One hurdle to quick action on their release is that the approval of the Myanmar military is required in cases filed by the army, said Tun Kyi, a leader of the Former Political Prisoners’ Society, based in Yangon.

Military still calls many shots

The military has not been shy about filing suits under the Section 66(d) of the Telecommunications Law, which outlaws online defamation and carries a maximum two-year jail sentence.

“There could be several challenges because the release of some requires the approval of military leaders,” Tun Kyi said.

“If the government doesn’t make any strong actions or remarks, these prisoners will not be released,” he said.

Myanmar’s military, which retains control of key security agencies and holds a guaranteed quarter of seats in parliament under a constitution it wrote in 2008, has resisted pressure from civilian rulers, with disastrous results for Aung San Suu Kyi’s international reputation.

Human rights groups who had championed Aung San Suu Kyi’s pro-democracy campaign were aghast when she led Myanmar’s defense last December before the International Court of Justice (ICJ) on genocide charges for the army’s expulsion of Rohingya Muslims from Rakhine state in August 2017. Thousands were killed amid the crackdown, and more than 740,000 fled to safety in Bangladesh.

Defending the same military that once held her captive, Aung San Suu Kyi repeated the assertion that the army had conducted an operation to clear northern Rakhine of Muslim insurgents who carried out deadly attacks on police outposts, and asked the ICJ to drop the case.

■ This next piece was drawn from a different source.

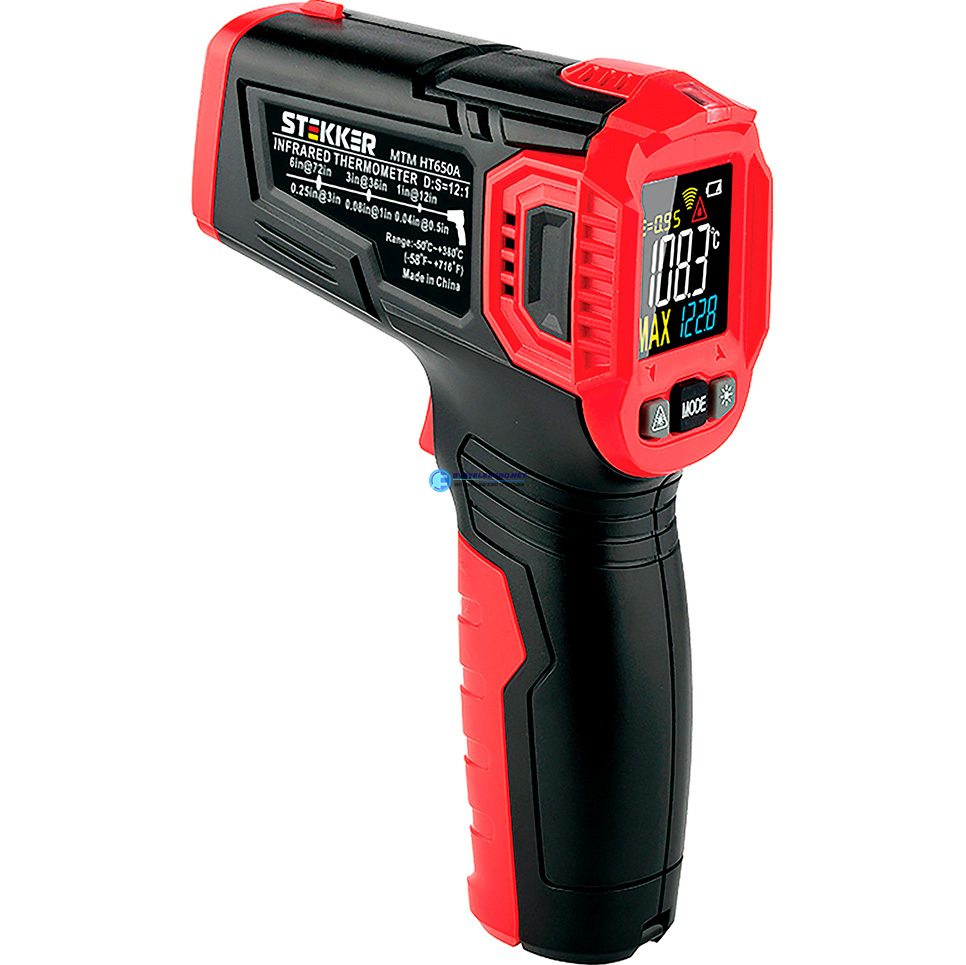 Измеритель температуры дистанционный (пирометр) 2 батареи типа ААА 1,5В черный/красный MTM HT650A, код 49998, производитель Stekker

Inside Myanmar, which was under harsh military rule for nearly 50 years until 2011, it is the actions of Aung San Suu Kyi’s government on the political prisoner issue that will determine its legacy in working towards democracy, said AAPP cofounder and secretary Bo Kyi.

“If it genuinely wants to build a democratic state, it should pay attention to creating an environment where basic human rights are guaranteed,” he told RFA.

“When there are arrests and charges for exercising basic human rights, it is difficult to call it a democratic government,” he said.

Hope dies hard

Not everyone has given up on Aung San Suu Kyi — not even a supporter of the Peacock Generation who was arrested during a brawl with police.

Nan Linn, one of five political activists arrested and charged with harming public servants following a May 2019 confrontation between police and sympathizers of the Peacock Generation troupe, said he hoped to see action from the government before the November elections.

“I don’t think Daw [honorific] Aung San Suu Kyi’s government’s has received [enough] public support, so [she] will view the prisoner release as a required task to complete in order to win the next election,” he said.

Thet Swe Win, executive director of the Center for Youth and Social Harmony, even pointed to the ongoing trials of members of the Peacock Generation as a “good sign” that authorities are clearing the dockets, rather than leaving cases in limbo.

“We have seen the successive court trials of Peacock Generation satire group and quick verdicts in the past few weeks,” he said.

“We are hoping that the ruling government tries to get all the cases for prisoners of conscience cleared and secures their release before its tenure ends.”

The AAPP said it sent the Myanmar government an updated list of political prisoners and requested their release in March.

In April, President Win Myint — a former political prisoner jailed for his role in the 1988 pro-democracy protests that launched Aung San Suu Kyi’s career — freed nearly 25,000 inmates across the country as part of the annual amnesty marking the Buddhist New Year, but only 18 political prisoners were released.